### WORK INSTRUCTIONS:
Could you copy exactly the lines below from the one with "तत्काल प्रहरी समायोजन" to the one with "Heavy Duty Combo", inclusive, leaving out any pictures?

### RECORDS TO USE:
------------------------------------------------------------

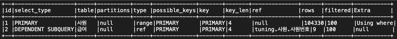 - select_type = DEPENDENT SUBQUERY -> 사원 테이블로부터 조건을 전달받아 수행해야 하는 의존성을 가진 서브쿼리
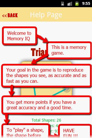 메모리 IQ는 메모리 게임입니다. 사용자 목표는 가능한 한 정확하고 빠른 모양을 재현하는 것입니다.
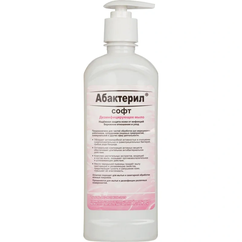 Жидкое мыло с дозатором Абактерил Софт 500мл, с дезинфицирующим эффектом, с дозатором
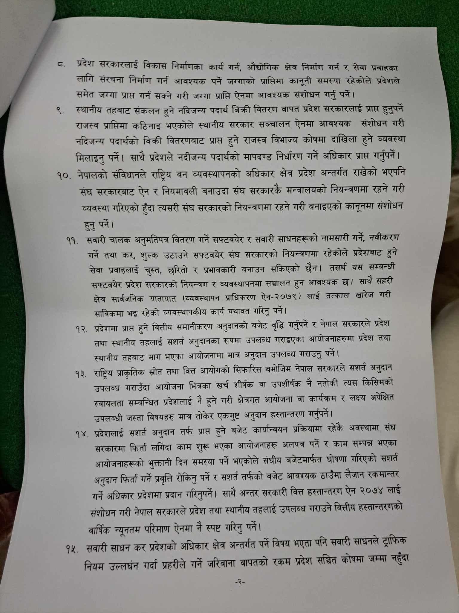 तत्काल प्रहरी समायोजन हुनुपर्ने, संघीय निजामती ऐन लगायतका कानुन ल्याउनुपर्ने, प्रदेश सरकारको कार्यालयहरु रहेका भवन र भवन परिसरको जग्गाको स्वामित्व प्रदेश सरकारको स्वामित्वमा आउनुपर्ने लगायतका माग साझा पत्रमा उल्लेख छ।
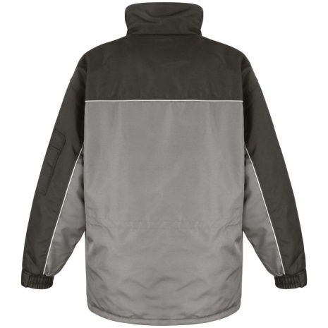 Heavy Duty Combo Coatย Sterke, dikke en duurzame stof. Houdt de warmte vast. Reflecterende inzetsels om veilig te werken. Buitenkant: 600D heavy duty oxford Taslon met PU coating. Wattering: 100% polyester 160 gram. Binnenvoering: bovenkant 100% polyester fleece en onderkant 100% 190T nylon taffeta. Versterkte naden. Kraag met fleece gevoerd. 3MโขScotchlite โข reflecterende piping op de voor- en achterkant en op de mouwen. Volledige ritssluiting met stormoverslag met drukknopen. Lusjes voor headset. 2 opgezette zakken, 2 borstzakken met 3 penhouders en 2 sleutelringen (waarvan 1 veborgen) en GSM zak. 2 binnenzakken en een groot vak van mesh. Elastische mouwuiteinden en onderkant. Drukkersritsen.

------------------------------------------------------------

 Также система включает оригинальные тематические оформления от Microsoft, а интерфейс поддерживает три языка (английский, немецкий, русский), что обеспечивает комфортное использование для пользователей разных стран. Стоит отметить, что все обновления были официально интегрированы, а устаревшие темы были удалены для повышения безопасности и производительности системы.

------------------------------------------------------------

### WRITTEN SOLUTION:
 तत्काल प्रहरी समायोजन हुनुपर्ने, संघीय निजामती ऐन लगायतका कानुन ल्याउनुपर्ने, प्रदेश सरकारको कार्यालयहरु रहेका भवन र भवन परिसरको जग्गाको स्वामित्व प्रदेश सरकारको स्वामित्वमा आउनुपर्ने लगायतका माग साझा पत्रमा उल्लेख छ।
 Heavy Duty Combo Coatย Sterke, dikke en duurzame stof. Houdt de warmte vast. Reflecterende inzetsels om veilig te werken. Buitenkant: 600D heavy duty oxford Taslon met PU coating. Wattering: 100% polyester 160 gram. Binnenvoering: bovenkant 100% polyester fleece en onderkant 100% 190T nylon taffeta. Versterkte naden. Kraag met fleece gevoerd. 3MโขScotchlite โข reflecterende piping op de voor- en achterkant en op de mouwen. Volledige ritssluiting met stormoverslag met drukknopen. Lusjes voor headset. 2 opgezette zakken, 2 borstzakken met 3 penhouders en 2 sleutelringen (waarvan 1 veborgen) en GSM zak. 2 binnenzakken en een groot vak van mesh. Elastische mouwuiteinden en onderkant. Drukkersritsen.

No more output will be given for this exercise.